Why God must wait a bit longer for the Sagrada Familia
A century ago, an old man was hit by a tram on a busy street in Barcelona. He had no ID, his clothes were ragged, and his pockets held only a few dried nuts. Regarded as a penniless beggar, local drivers refused to take him to a hospital. He died days later in a crowded charity ward, completely anonymous.
The irony, of course, is that this man was Antoni Gaudí. He is the genius architect of Barcelona’s most famous landmark, also known as "God’s architect."
When he died on June 10, 1926, only a single tower of his grand church was finished. For decades, the city promised the entire basilica would be completed in 2026 to honor the centennial of his death.
But as I walked through the monument this week, the reality on the ground revealed a different story. Full completion has now slipped to the 2030s. It proves Gaudí’s famous quip remains true: His client, God, "is not in a hurry.”
The Pope's visit
Returning here for my sixth visit in 11 years, the skyline is transformed. The central cranes that choked the silhouette for decades have vanished. In February, crews hoisted the final panel onto the towering 172.5-meter Tower of Jesus Christ, officially making the Sagrada Família the tallest church on Earth.
Yet, for a traveler arriving this week, the experience felt more like navigating a high-stakes event and not a quiet sanctuary. The city was bracing for the papal mass, and the surrounding neighborhood had transformed into a marketing, high-security corporate fortress.
Over dinner, my relatives in Barcelona sat huddled around a smartphone. As locals, they were trying to map out a strategy to navigate the impending gridlock and strict security lockdowns just to catch a glimpse of the Pontiff. Hotels were completely booked, and property owners along the papal route were aggressively capitalizing on the frenzy—offering apartment balconies to wealthy onlookers for a staggering €350 a day.
The scale of this commercial spectacle hit me the moment I approached the building. The public squares were entirely taken over. Temporary chairs were lined up in a block like an outdoor rock concert. Media networks were constructing towering outdoor stages, running thick cables across the pavement.
Sea of crowds, battleground
For the modern traveler seeking quiet prayer, this hyper-commercial setup can feel strangely hollow. There are no dark wooden corners or ancient statues polished smooth by centuries of devotion. Instead, dense crowds move like a slow river, raising smartphones to snap photos of the kaleidoscopic ceiling.
While the central towers are structurally finished, the grand main entrance, the Glory Façade, remains a battleground. To build the monumental 60-meter-wide staircase that Gaudí envisioned, the church must demolish an entire block of existing apartments on Carrer de Mallorca. This urban expansion would displace roughly 3,000 local residents and destroy dozens of neighborhood businesses.

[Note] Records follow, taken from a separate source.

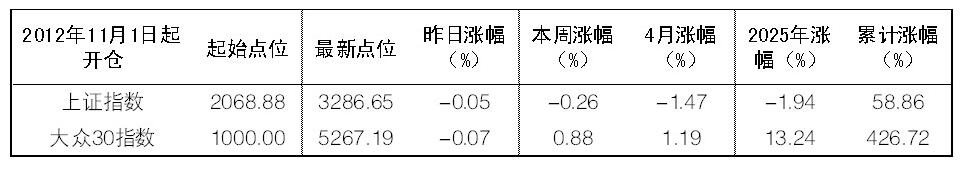 2025年4月29日“大眾30”成份股報告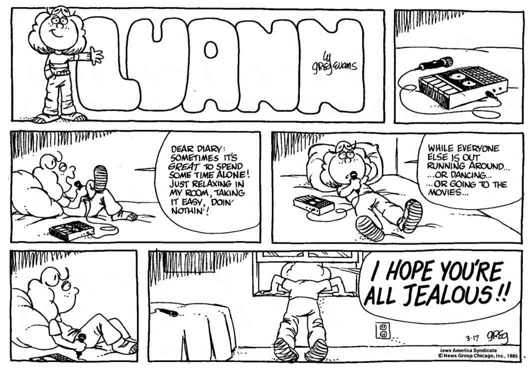 Web view the comic strip for luann by cartoonist greg evans and karen evans created june 10, 2022 available on gocomics.com Web luann is a syndicated newspaper comic strip written and drawn by greg evans and launched by north america syndicate on march 17, 1985. Get your favorite comics delivered to you daily! Launched in 1985, luann has. Web created.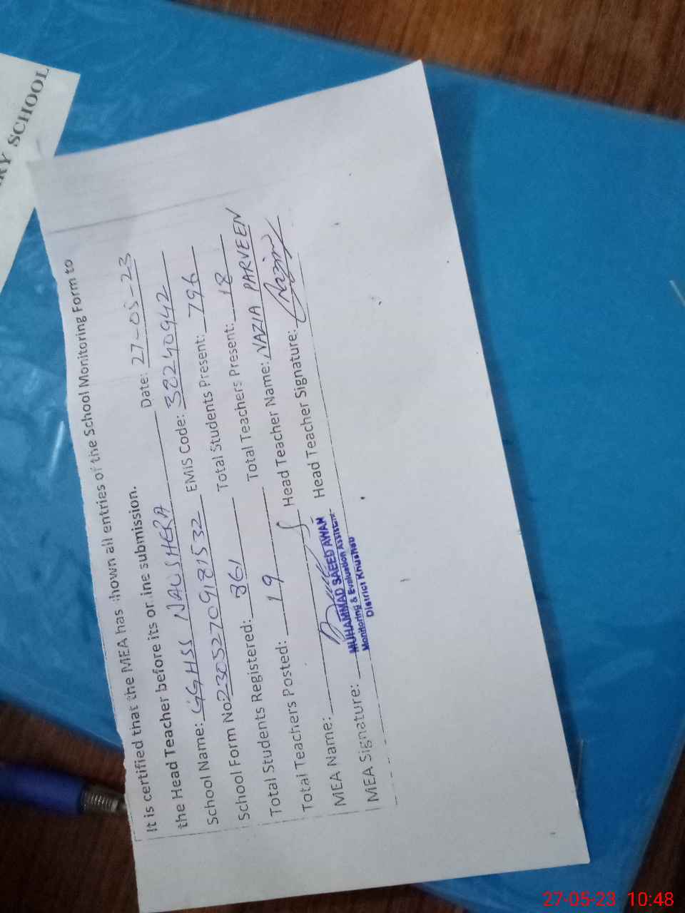 | Certified that this School was Inspected by the Undersigned MEA/DMO Today and the Information Stated Above is as Per Record. | |||||

For decades, the residents living in the shadow of the basilica assumed the project would never finish, treating the grand plaza as an impossible myth. Now, with the main structure fully erected, that myth has become an existential threat. The neighborhood association is locked in a bitter housing war with the church board, fighting the demolition permits in court, leaving industrial scaffolding clinging stubbornly to the southern exterior.

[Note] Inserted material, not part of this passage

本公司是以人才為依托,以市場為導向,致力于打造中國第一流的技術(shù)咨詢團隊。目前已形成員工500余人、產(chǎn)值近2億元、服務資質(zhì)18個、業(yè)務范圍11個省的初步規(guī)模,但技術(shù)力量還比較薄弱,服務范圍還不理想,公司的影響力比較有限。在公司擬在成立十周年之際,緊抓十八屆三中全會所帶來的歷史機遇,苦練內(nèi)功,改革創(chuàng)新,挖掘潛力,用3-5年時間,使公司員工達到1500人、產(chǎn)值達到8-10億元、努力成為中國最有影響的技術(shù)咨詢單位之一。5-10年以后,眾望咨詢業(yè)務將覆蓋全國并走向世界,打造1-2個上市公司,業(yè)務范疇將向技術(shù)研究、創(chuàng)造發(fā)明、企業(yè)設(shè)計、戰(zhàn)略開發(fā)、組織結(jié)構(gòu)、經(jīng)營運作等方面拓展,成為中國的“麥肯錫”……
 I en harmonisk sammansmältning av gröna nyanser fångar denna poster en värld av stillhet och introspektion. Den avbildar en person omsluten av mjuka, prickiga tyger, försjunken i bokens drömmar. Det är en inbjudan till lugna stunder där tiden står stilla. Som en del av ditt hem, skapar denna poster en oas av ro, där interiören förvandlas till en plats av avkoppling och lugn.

Yet, there is a brilliant historical irony here. A century ago, Gaudí himself pioneered this exact marketing strategy. He intentionally built the highly decorative Nativity Façade first, ignoring normal building logic, purely as a visual billboard to capture the public's imagination and secure steady donations.
Today, the foundation is running the master's original playbook on a massive scale. The cathedral welcomes millions of tourists annually, generating over a hundred million euros from ticket sales alone. By leveraging the immense hype of the 2026 centennial and the Papal visit, they keep the financial engine running at peak performance, even as the final completion date drifts toward 2034.
The irony of Sagrada Familia
Hidden in plain sight on the harsh Passion Façade, a stone portrait of Gaudí watches the crowds. He stands next to a scene where Jesus Christ is about to be crucified. Rushing, photo-snapping tourists unknowingly ignore him today, just as bystanders did when he lay dying a century ago.
As I stood near the nave, the massive pipe organ suddenly filled the air. Its music cut through the chatter of the tour groups and the hum of television crews.
On June 11, the stadium seats finally got filled. The media stages went live. Pope Leo XIV blessed the tallest church on Earth. It was a historic, flawless television spectacle. Yet, my relatives were mapping out detour routes to navigate the city lockdowns.
This reveals the irony of the Sagrada Família. In its race to finish, it built a magnificent corporate marvel. However, the intimacy of quiet devotion has been pushed entirely to the neighborhood side streets.
The exterior scaffolding remains trapped in municipal politics. The basilica will continue to operate as a beautiful construction site. The Client upstairs has all the time in the world.